Discovering Multiagent Learning Algorithms with Large Language Models

arxiv: 2602.16928 · v3 · submitted 2026-02-18 · 💻 cs.GT · cs.AI· cs.MA

Discovering Multiagent Learning Algorithms with Large Language Models

Zun Li , John Schultz , Daniel Hennes , Marc Lanctot This is my paper

Pith reviewed 2026-05-15 20:37 UTC · model grok-4.3

classification 💻 cs.GT cs.AIcs.MA

keywords multi-agent reinforcement learningcounterfactual regret minimizationpolicy space response oracleslarge language modelsalgorithm discoverygeneralizationablation studies

0 comments p. Extension

The pith

LLM search over CFR and PSRO design spaces yields complex algorithms that distill to simpler cores with stronger generalization on unseen games.

A machine-rendered reading of the paper's core claim, the machinery that carries it, and where it could break.

The paper deploys an LLM-powered evolutionary agent to explore algorithmic variants in two multi-agent game-solving paradigms. It produces Volatility-Adaptive Discounted CFR and Smoothed Hybrid Optimistic Regret PSRO, both competitive with hand-designed baselines across eighteen training games. Systematic ablations then isolate the minimal mechanisms responsible for performance, resulting in Warm-started Optimistic Predictive CFR and Projection Matching PSRO. These distilled versions retain or improve generalization while eliminating most of the original structural complexity.
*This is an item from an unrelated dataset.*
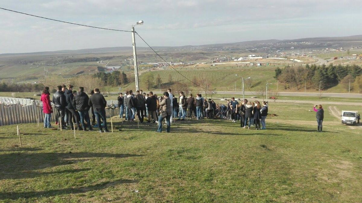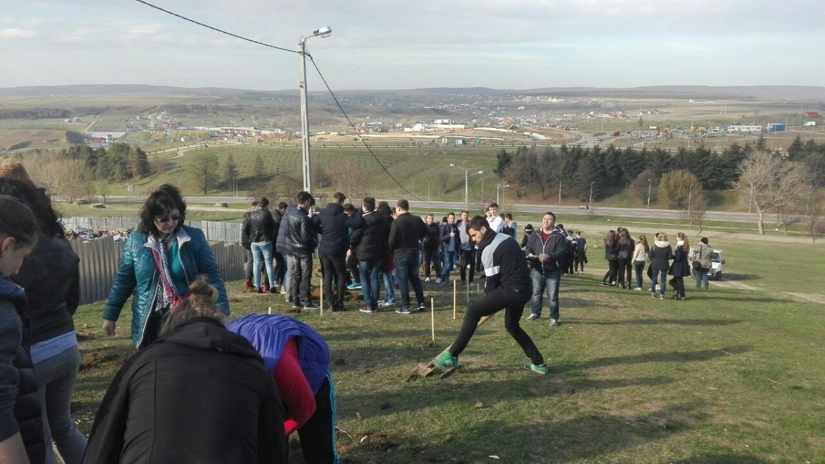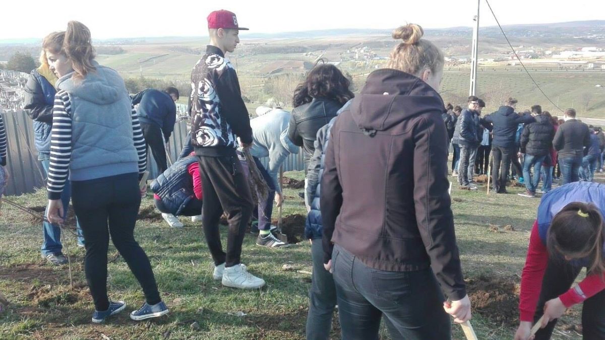 Aproximativ 400 de copii s-au adunat în această dimineață însorită de joi, 31 martie 2016, pe versantul de la Pacea, pentru a planta puieți de stejari.

The work therefore supplies a concrete workflow for using language models to generate candidate algorithms and then reduce them to their essential components.

Core claim

Large language models can navigate the design spaces of counterfactual regret minimization and policy-space response oracles to produce competitive multi-agent solvers; however, the performance advantage on new games resides in a small algorithmic core that remains after the LLM-constructed synergistic mechanisms are removed by ablation.

What carries the argument

Distillation of LLM-generated algorithms via systematic ablation to recover minimal cores (Warm-started Optimistic Predictive CFR and Projection Matching PSRO) that carry the generalization benefit.

If this is right

Ablation after LLM search can routinely convert overfit, high-complexity solvers into leaner ones that generalize further.
The same discovery-plus-distillation pattern applies across both regret-minimization and oracle-response families of algorithms.
Manual refinement of MARL baselines can be partially replaced by an automated loop of generation followed by core extraction.
Structural complexity introduced to fit a training distribution often harms rather than helps performance on new distributions.

Where Pith is reading between the lines

These are editorial extensions of the paper, not claims the author makes directly.

The same workflow could be applied to other imperfect-information domains such as negotiation or security games to surface previously unknown minimal mechanisms.
Over-reliance on synergistic but non-essential components may be a general property of LLM-generated algorithms, suggesting a default post-processing step of ablation in future automated discovery efforts.
If the minimal cores prove robust, they could serve as new human-readable starting points for further theoretical analysis of regret bounds or equilibrium convergence rates.

Load-bearing premise

That the performance edge of the distilled minimal cores, isolated on the eighteen-game training collection, will persist on games and rule variants never seen during search or ablation.

What would settle it

Run the distilled WOP-CFR and PM-PSRO on a fresh suite of imperfect-information games outside the original eighteen and observe whether they lose their advantage over the original complex LLM outputs or over standard human baselines.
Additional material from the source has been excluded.